ABOUT THIS EXERCISE — Reproduce everything from the line that contains "Product DescriptionReconnect with" down to the line that contains "七匹狼V领全棉秋衣套装纯色男士保暖衣秋冬纯棉男内衣..." in the listing below, word for word and nothing more. Leave the pictures out.

STORED DATA —

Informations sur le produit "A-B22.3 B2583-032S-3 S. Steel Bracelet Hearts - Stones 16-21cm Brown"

* * *

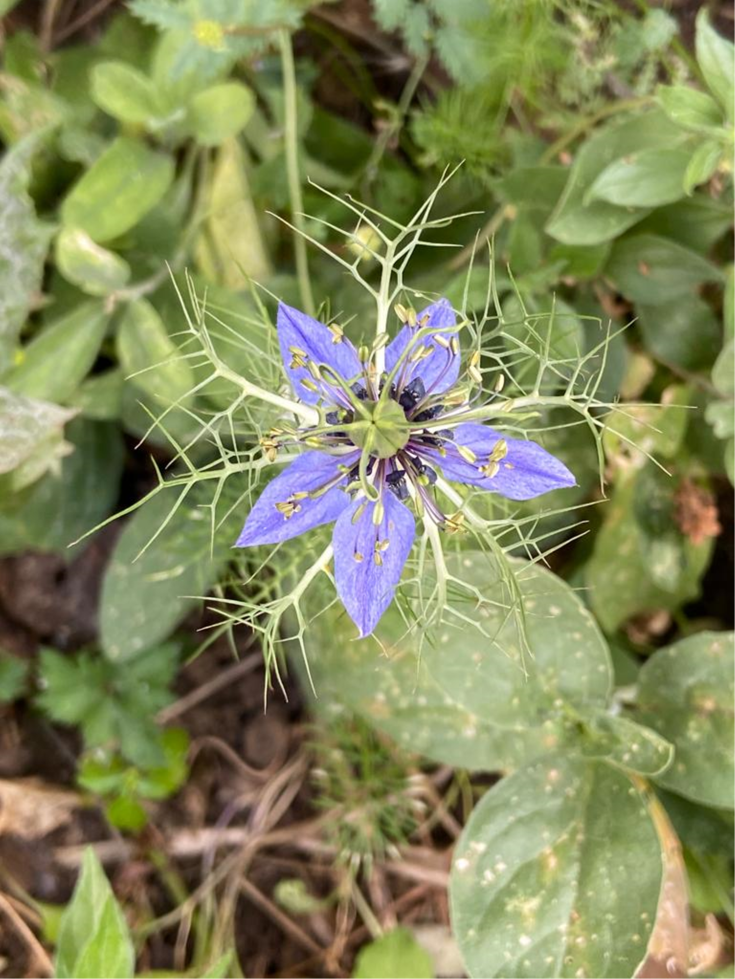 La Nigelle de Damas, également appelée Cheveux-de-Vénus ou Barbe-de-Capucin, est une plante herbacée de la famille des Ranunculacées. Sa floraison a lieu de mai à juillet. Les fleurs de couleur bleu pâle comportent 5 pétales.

--

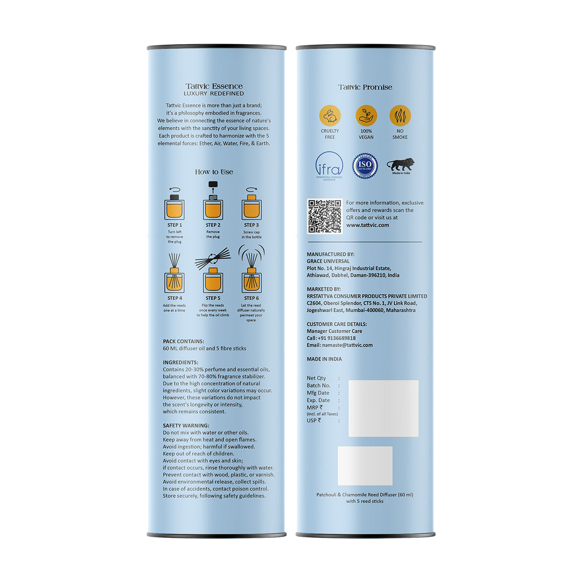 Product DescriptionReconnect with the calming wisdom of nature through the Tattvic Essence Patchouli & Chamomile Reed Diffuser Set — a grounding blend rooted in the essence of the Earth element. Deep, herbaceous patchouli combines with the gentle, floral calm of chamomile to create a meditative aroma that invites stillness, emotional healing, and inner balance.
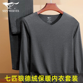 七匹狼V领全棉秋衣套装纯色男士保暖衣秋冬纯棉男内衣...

SOLUTION TO THIS EXERCISE —
 Product DescriptionReconnect with the calming wisdom of nature through the Tattvic Essence Patchouli & Chamomile Reed Diffuser Set — a grounding blend rooted in the essence of the Earth element. Deep, herbaceous patchouli combines with the gentle, floral calm of chamomile to create a meditative aroma that invites stillness, emotional healing, and inner balance.
 七匹狼V领全棉秋衣套装纯色男士保暖衣秋冬纯棉男内衣...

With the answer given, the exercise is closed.